- [Problem description]
The reply must contain exactly the lines below from the one with "Distressed dark wash" down to the one with "Для подолання перерахованих", both included, and nothing more; please omit the pictures.

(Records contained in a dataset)
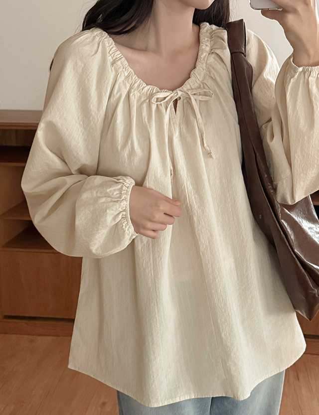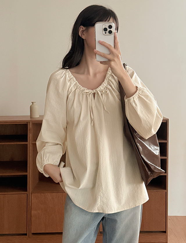 셔링 포인트로 자연스러운 볼륨감을 연출해 주었어요.
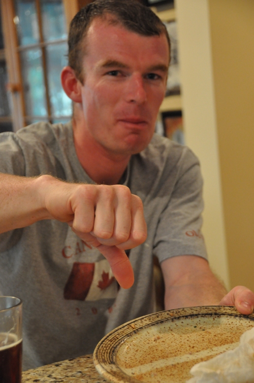 1. Each competitor must consume two pounds of ground beef.  Mmmm…delicious burgers.  The meat purchased from Stephen’s Butcher Shop  is the best in all of Muskoka.  Richard freshly ground 8 pounds of beef knowing full well Matt’s intention was to make some gigantic beef burger flame grilled and seasoned to taste.  Only the best for these competitors.
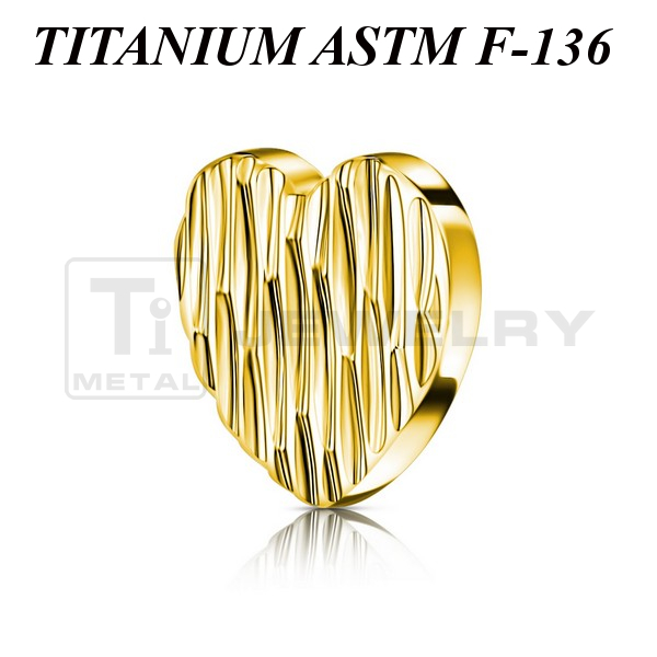 Накрутка из имплантационного титана 6Al-4V-Eli ASTM: F-136 в форме сердца с рельефной поверхностью. Представлена в двух вариантах: классическая титановая и с золотым PVD покрытием. Подходит для украшений с внутренней резьбой толщиной 1 и 1,2 мм. Размер накрутки: 5,6х5мм.
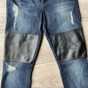 Distressed dark wash denim with zipper detail at pocket and ankles. Skinny fit, medium rise, stretchy! Faux leather patches on the front of the thighs.
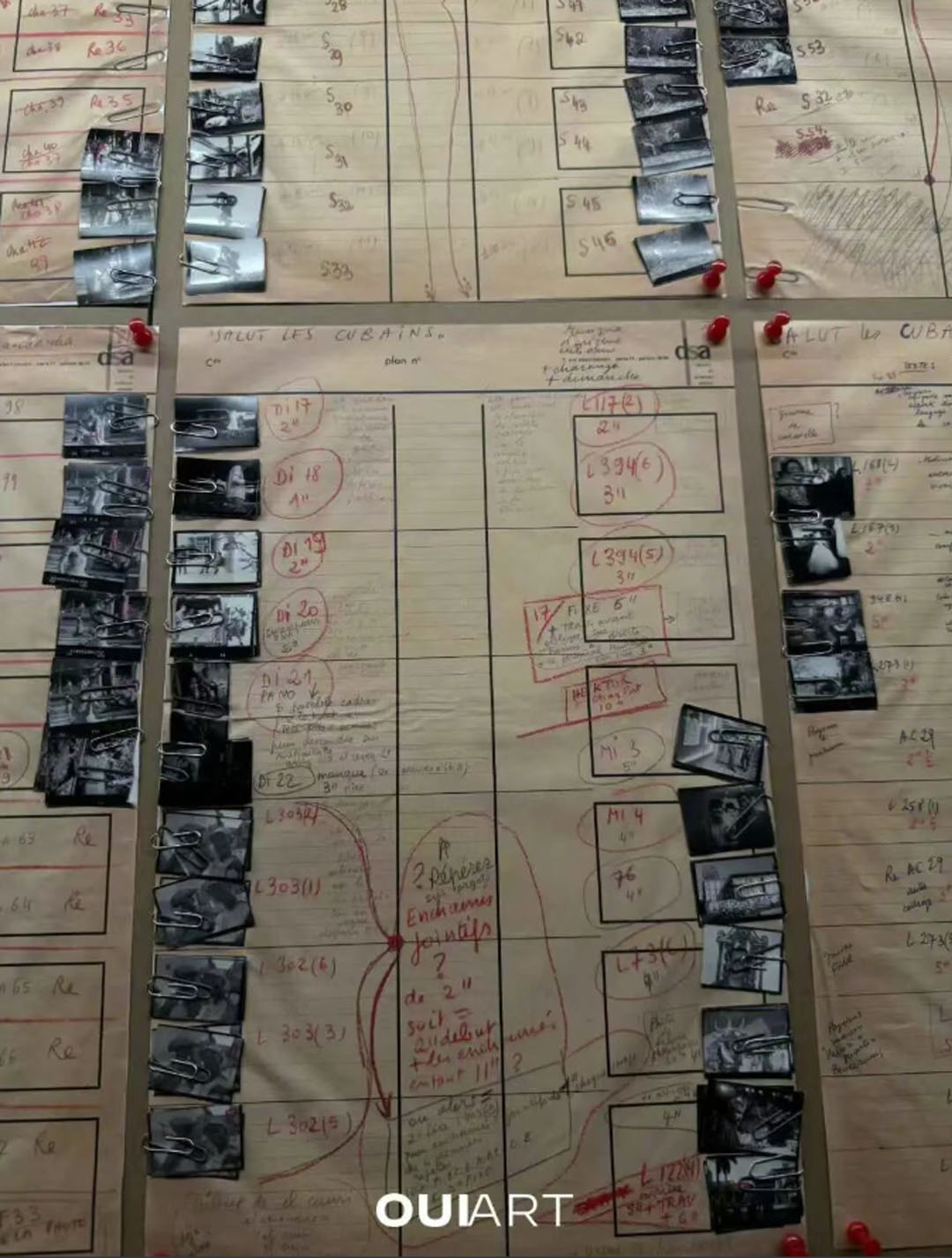 在古巴停留的几个月期间,她拍摄了4000多张照片,并从中选出1800张照片制作成分镜册子或者说图片叙事档案。这部电影本质上已经脱离了传统电影的活动影像的叙事逻辑,本质上是一部由静态照片拼合而成的照片蒙太奇电影。展览中展出的分镜档案,可以看到瓦尔达为了让静止的画面在电影中产生动感,将不同角度的照片像连拍模式一样分解了动作的连续步骤,让静态的照片在最终的短片里产生了节奏感极强的切分音效果。
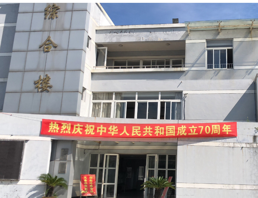 为热烈庆祝中华人民共和国成立70周年,启东市城市污水处理厂积极开展喜迎国庆氛围营造工作,提前在厂区办公楼悬挂“热烈庆祝中华人民共和国成立70周年”的标语,
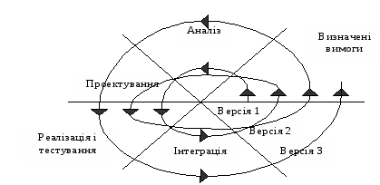 Для подолання перерахованих проблем була запропонована спіральна модель ЖЦ (Рис. 2.3), що робить упор на початкові етапи ЖЦ: аналіз і проектування. На цих етапах реалізовується технічних рішень перевіряється шляхом створення прототипів. Кожен виток спіралі відповідає створенню фрагмента або версії ПЗ, на ньому уточнюються цілі і характеристики проекту, визначається його якість і плануються роботи наступного витка спіралі. Таким чином заглиблюються і послідовно конкретизуються деталі проекту і в результаті вибирається обґрунтований варіант, який доводиться до реалізації.
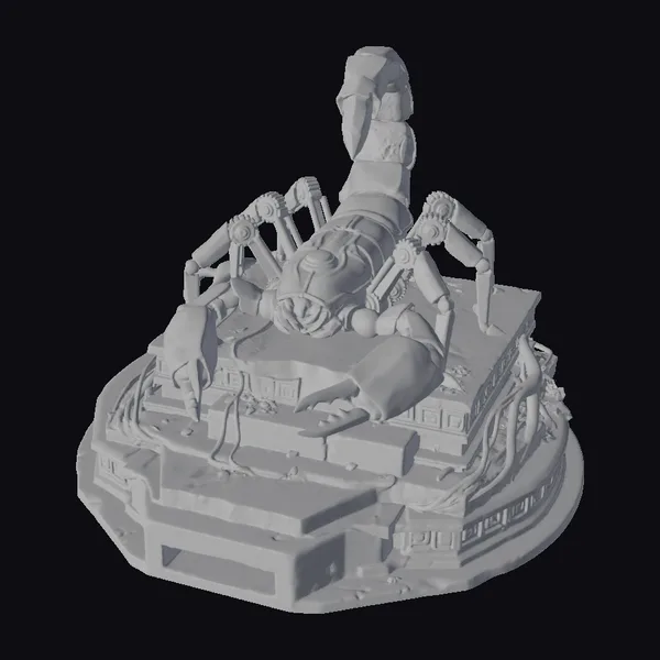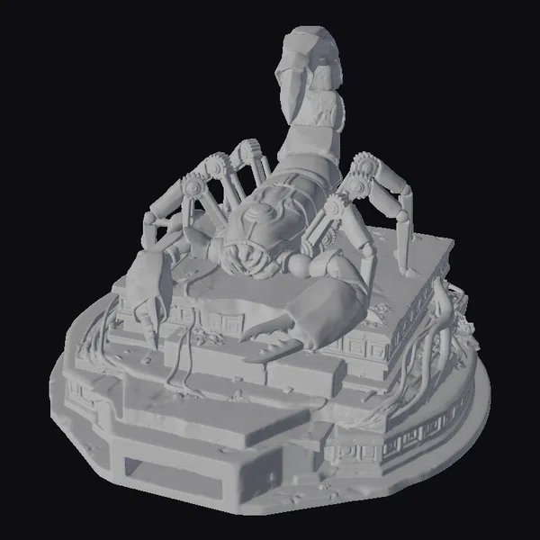 In a dynamic pose that suggests movement and power, the scorpion’s body is intricately detailed with textures that mimic both metal and the natural exoskeleton of a scorpion. The base, adorned with ancient patterns, adds a layer of historical depth, suggesting a bridge between past and future. The amber crown, glowing with an inner light, draws the eye upwards, symbolizing a fusion of organic and synthetic life. This model is perfect for projects requiring a blend of sci-fi and fantasy elements, such as animations, games, or architectural designs that seek to push the boundaries of imagination.
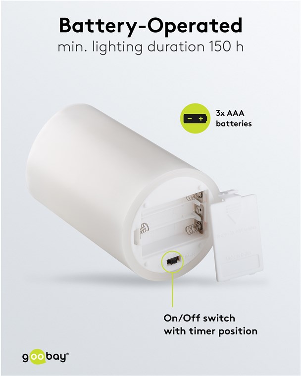 - Dimensions per candle (H x Ø): 10 x 7.5 cm, each LED candle is powered by 3x AAA batteries (not included)

- [Task result]
 Distressed dark wash denim with zipper detail at pocket and ankles. Skinny fit, medium rise, stretchy! Faux leather patches on the front of the thighs.
 在古巴停留的几个月期间,她拍摄了4000多张照片,并从中选出1800张照片制作成分镜册子或者说图片叙事档案。这部电影本质上已经脱离了传统电影的活动影像的叙事逻辑,本质上是一部由静态照片拼合而成的照片蒙太奇电影。展览中展出的分镜档案,可以看到瓦尔达为了让静止的画面在电影中产生动感,将不同角度的照片像连拍模式一样分解了动作的连续步骤,让静态的照片在最终的短片里产生了节奏感极强的切分音效果。
 为热烈庆祝中华人民共和国成立70周年,启东市城市污水处理厂积极开展喜迎国庆氛围营造工作,提前在厂区办公楼悬挂“热烈庆祝中华人民共和国成立70周年”的标语,
 Для подолання перерахованих проблем була запропонована спіральна модель ЖЦ (Рис. 2.3), що робить упор на початкові етапи ЖЦ: аналіз і проектування. На цих етапах реалізовується технічних рішень перевіряється шляхом створення прототипів. Кожен виток спіралі відповідає створенню фрагмента або версії ПЗ, на ньому уточнюються цілі і характеристики проекту, визначається його якість і плануються роботи наступного витка спіралі. Таким чином заглиблюються і послідовно конкретизуються деталі проекту і в результаті вибирається обґрунтований варіант, який доводиться до реалізації.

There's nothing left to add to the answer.